Project 01

Unleashing YouTube's Data: Harvesting and Warehousing with SQL, MongoDB, and Streamlit

Project Description:

Discover and analyze YouTube channel data effortlessly with our Streamlit application. Harvest, store, and query data from multiple channels using Google API, MongoDB, and SQL database integration.

Domain:

Social Media

Technologies:

  • Python
  • SQL
  • MongoDB
  • Streamlit
  • YouTube API
  • Jupyter notebook

Problem Statement:

The problem statement is to create a Streamlit application that allows users to access and analyze data from multiple YouTube channels.
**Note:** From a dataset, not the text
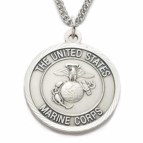 -. Binding : Jewelry -. Brand : TrueFaithJewelry -. Department : womens -. Feature : Medal - Sterling Silver - 1 Inch (Dia) / Chain - 24 Inch Stainless Steel with Rhodium Finish - Lobster Claw Clasp / Comes in Jewelry Gift Box -. Label : TrueFaithJewelry -. Manufacturer : TrueFaithJewelry -. ProductGroup : Jewelry -. ProductTypeName : FASHIONNECKLACEBRACELETANKLET -. Publisher : TrueFaithJewelry -. Studio : TrueFaithJewelry -. Title : Sterling Silver 1" U.S. Marines Corps Medal w/ St. Michael on Back on 24" Stainless Steel Chain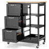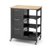 Still worried about the messy kitchen? Our kitchen island on wheels can solve your problem. There are 3 deep drawers available for tucking away various sundries, 2 open shelves for storing frequently-used items and a removable tray for transporting meals conveniently. You can customize arrangement of the drawer, tray and shelves. They can be placed in different position, either right of left, upper or lower as you want. The rubber wood countertop coated with waterproof painting ensure long-term use. With smooth rolling casters, you can move the trolley to the kitchen, dining room or garden with ease. And the casters with brakes can prevent it from sliding.

The application should have the following features.

1. Ability to input a YouTube channel ID and retrieve all the relevant data (Channel name, subscribers, total video count, playlist ID, video ID, likes, dislikes, comments of each video) using Google API.

2. Option to store the data in a MongoDB database as a data lake.
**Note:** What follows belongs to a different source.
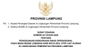 Lampung (sundalanews.com) – Menjelang libur Lebaran Idul Fitri Tahun 2026, Pemerintah Provinsi (Pemprov) Lampung menerbitkan dua Surat Edaran (SE) sebagai langkah memperkuat disiplin dan integritas aparatur negeri sipil. SE tersebut yakni tentang penggunaan kendaraan dinas operasional selama masa mudik Lebaran serta Surat Edaran juga soal pencegahan korupsi dalam hal ini …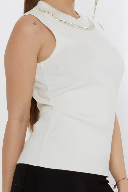 Maglione in maglia con perline e pietra ricamata, dettaglio finestra posteriore, colore Ecru - 31582 | KAZEE (Set di 3 M-L-XL)

3. Ability to collect data for up to 10 different YouTube channels and store them in the data lake by clicking a button.

4. Option to select a channel name and migrate its data from the data lake to a SQL database as tables.

5. Ability to search and retrieve data from the SQL database using different search options, including joining tables to get channel details.

Results:

This project aims to develop a user-friendly Streamlit application that utilizes the Google API to extract information on a YouTube channel, stores it in a MongoDB database, migrates it to a SQL data warehouse, and enables users to search for channel details and join tables to view data in the Streamlit app.